De huizenrij Kulertseweg 4-6-8 bestaat uit drie arbeiderswoningen op een rij. Het middelste pand is wat langer dan de andere twee. De huizenrij kent één woonlaag met kap, en een nok evenwijdig aan de weg. Het rechter deel, nummer 4, is gedekt met traditionele rode pannen, het middelste met traditionele grijze pannen en het linker, nummer 8, met moderne betonpannen. Van nummer 8 zijn de gevels vóór 2009 ook vernieuwd. De nummers 4 en 6 zijn het meest origineel, maar ook hiervan zijn de vensters na de Tweede Wereldoorlog vervangen door modernere, grotere. Nummer 4 kent nog een originele gemetselde schoorsteen en een gecementeerde zijgevel met muurankers. De nummer 8 en 6 hebben een voordeur in de voorgevel, nummer 4 in de zijgevel.

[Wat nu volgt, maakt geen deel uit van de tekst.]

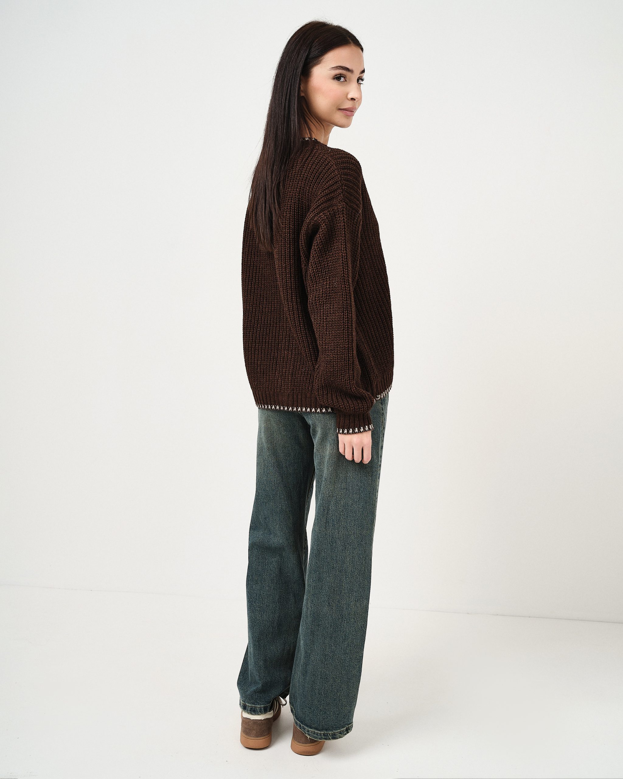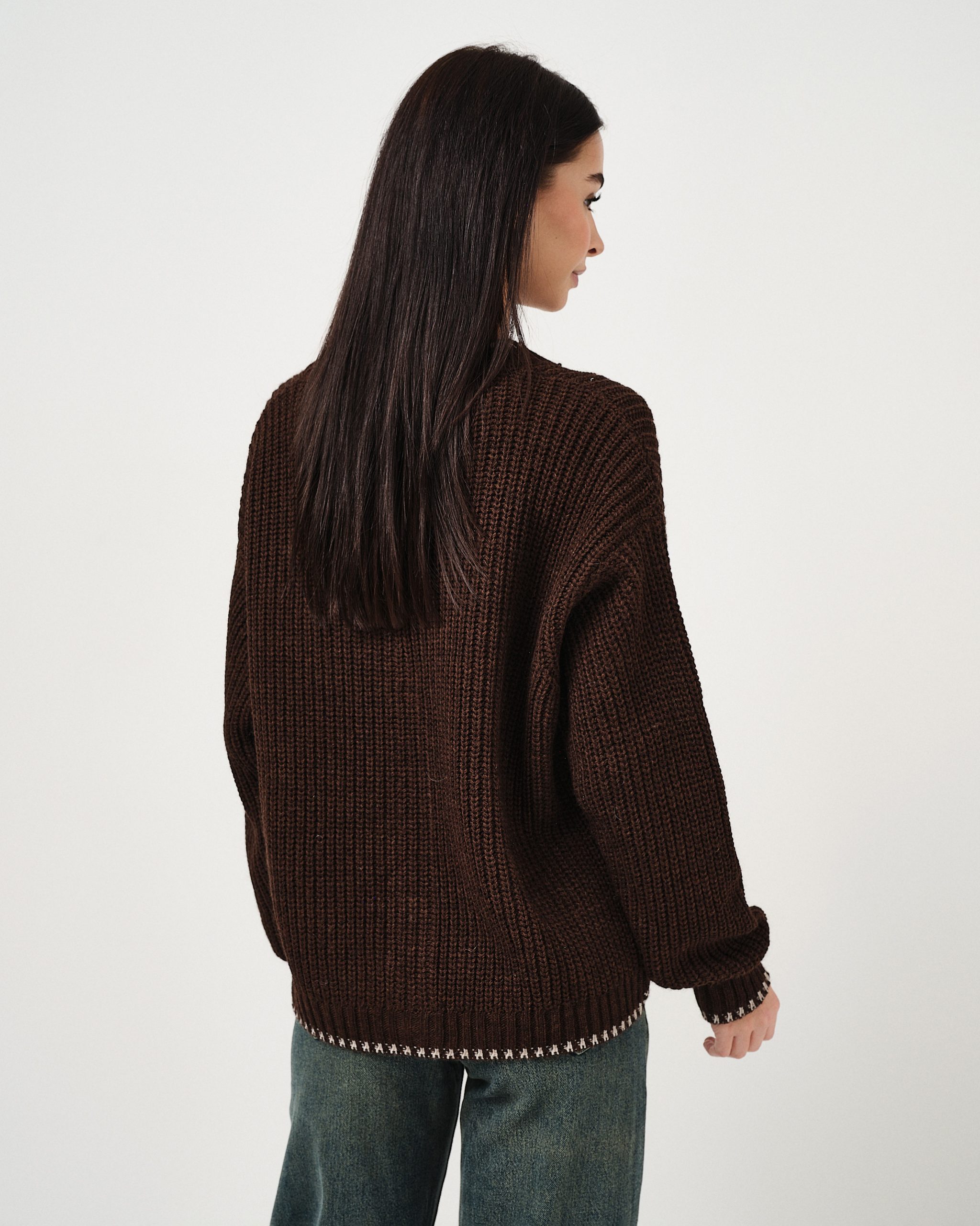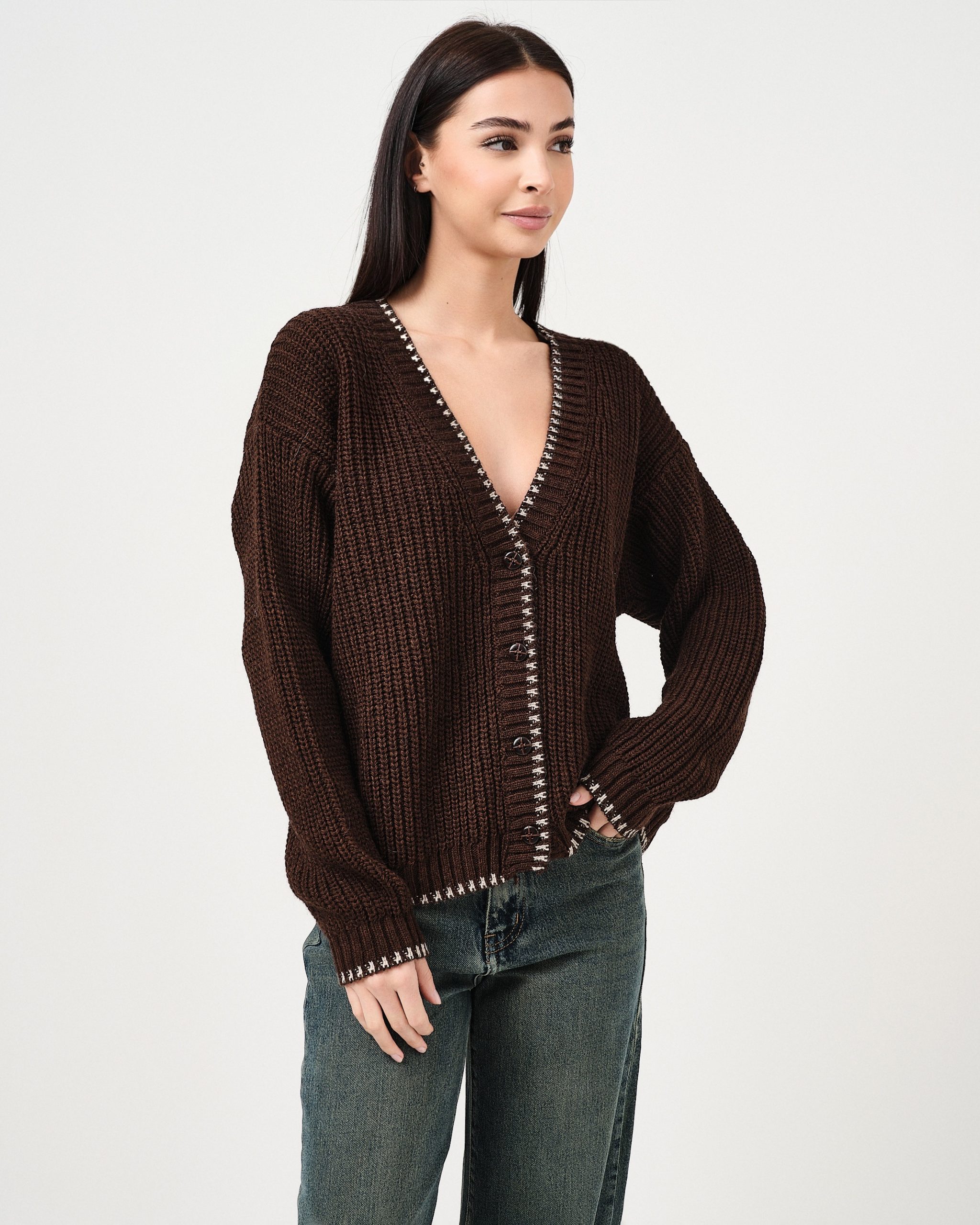 Cardigan oversize con bottoni ed impunture in misto lana e alpaca.

Adressen en bewoners[bewerken | brontekst bewerken]

De adressen en bewoners vóór 1930 zijn nog niet in beeld gebracht.

Kulertseweg 4 had als woning in 1930 het adres D.12a, en werd bewoond door de oude Engelbert Verleijsdonk. In dat jaar kreeg dit het nieuwe adres Kulertschestraat Z.20. Toen dat in 1955 Kulertseweg 4 werd, was Hendricus Hurkmans de hoofdbewoner.

Kulertseweg 6 had als woning in 1930 het adres D.13, en werd bewoond door Johannis Munsters (1857-1944), de vader van de latere bewoonster van nummer 8, Gerarda. In dat jaar kreeg dit het nieuwe adres Kulertschestraat Z.21. Toen dat in 1955 Kulertseweg 6 werd, was Johannes Koppens de hoofdbewoner.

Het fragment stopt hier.